In January 1810, during the Napoleonic Wars, King Frederick William III decreed that the award could be presented only to actively-serving military officers.

===Higher Grades===
====Oak Leaves====
In March 1813, the King added an additional distinction, a spray of gilt oak leaves attached above the cross. Award of the oak leaves originally indicated extraordinary achievement in battle, and was usually reserved for high-ranking officers.

The original regulations called for the capture or successful defence of a fortification, or victory in a battle. By World War I, the oak leaves often indicated a second or higher award of the Pour le Mérite, though in most cases the recipients were still high-ranking officers (usually distinguished field commanders fitting the criteria above; the few lower ranking recipients of the oak leaves were mainly general staff officers responsible for planning a victorious battle or campaign).

In early 1918, it was proposed to award the oak leaves to Germany's top flying ace, Manfred von Richthofen, but he was deemed ineligible under a strict reading of the regulations (he had already received his Pour le Mérite without oak leaves in January 1917). Instead of the oak leaves Prussia awarded von Richthofen a slightly less prestigious honor, the Order of the Red Eagle, 3rd Class with Crown and Swords. This was still a high honour, as the 3rd Class was normally awarded to colonels and lieutenant colonels and as a captain he would usually have received the 4th Class. The 3rd Class with Crown and Swords awarded to Von Richthofen was one of only two that were awarded during the entire course of World War I.

====Crown====
In 1844, another mark of distinction was established: a crown above the cross. A total of 147 awards are documented. Rather than being for additional merit, the crown was a 50 year jubilee recognition.

====Grand Cross====
In 1866, a special military Grand Cross class of the award was established. This grade of the award was given to those who, through their actions, caused the retreat or destruction of an army. As a result, the Grand Cross would be the highest class of the highest distinction awarded by the Prussian Crown.

The Grand Cross adds a portrait of Frederick the Great to the center of the cross, and also adds a crown to the head of each eagle between the arms of the cross. Furthermore, the Grand Cross came with a breast star to be worn in addition to the Grand Cross itself.

Grand Cross with Oak Leaves

The Grand Cross could, like the regular grade of the Pour le Mérite, be enhanced with its own set of oak leaves. The accompanying breast star would then also have a set of oak leaves added to it (see image courtesy of German Historical Museum).

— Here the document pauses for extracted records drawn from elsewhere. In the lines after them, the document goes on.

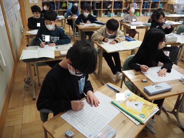 2年1組は、書写で硬筆の学習を行っていました。今日は、2年生で習った漢字を書き出していました。姿勢にも気を付け、丁寧に書いていました。
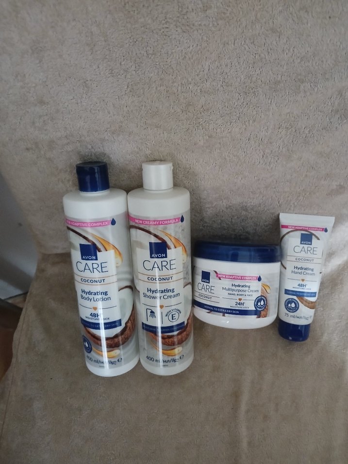 Avon Care Hindistan Cevizi vücut bakım seti; nemlendirici vücut losyonu, duş kremi, çok amaçlı krem ve el kremi içerir, 48 saat nem sağlar. sifir
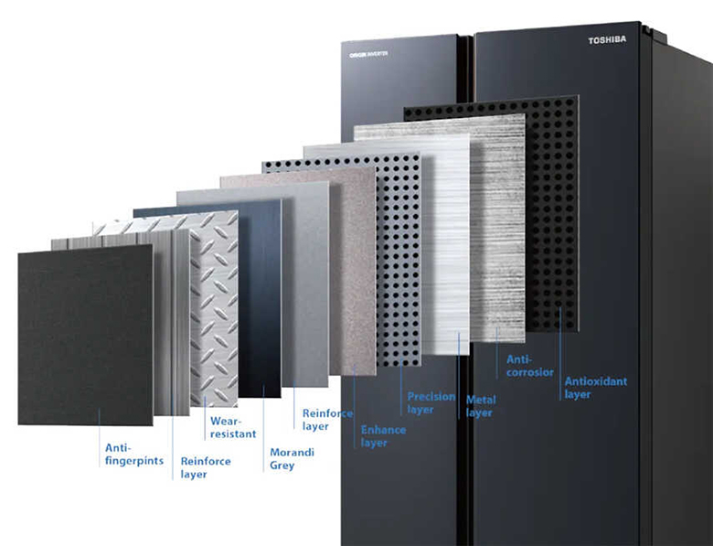 Tủ lạnh Toshiba GR-RS910WI-PMV(06)-MG sở hữu thiết kế Sturdy-Lux sang trọng, đẳng cấp với màu xám thanh lịch.

There were only five recipients of the Grand Cross of the Pour le Mérite.

| Recipient | Pour le Mérite | Oak Leaves | Grand Gross | ... with Oak Leaves |
|---|---|---|---|---|
| Wilhelm I, King of Prussia (later German Emperor) | 27 July 1849 | 4 August 1866 | 11 November 1866 | not awarded |
| Frederick William, Crown Prince of Prussia (later German Emperor Frederick III) | 29 June 1866 | 3 August 1866 | 20 September 1866 | 2 September 1873 |
| Prince Frederick Charles of Prussia | 16 September 1848 | 27 February 1864 | 20 September 1866 | 2 September 1873 |
| Alexander II, Emperor of Russia | 8 December 1869 | 8 December 1871 | 24 April 1878 | not awarded |
| Helmuth von Moltke (the Elder) | 29 November 1839 | 17 February 1871 | 8 March 1879 | 29 November 1899* |

- this date being the 60th anniversary of his having won the Pour le Mérite, von Moltke was also granted the Crown (normally given on the 50th), along with -- in a unique distinction for this award -- Diamonds (to signify the 60th).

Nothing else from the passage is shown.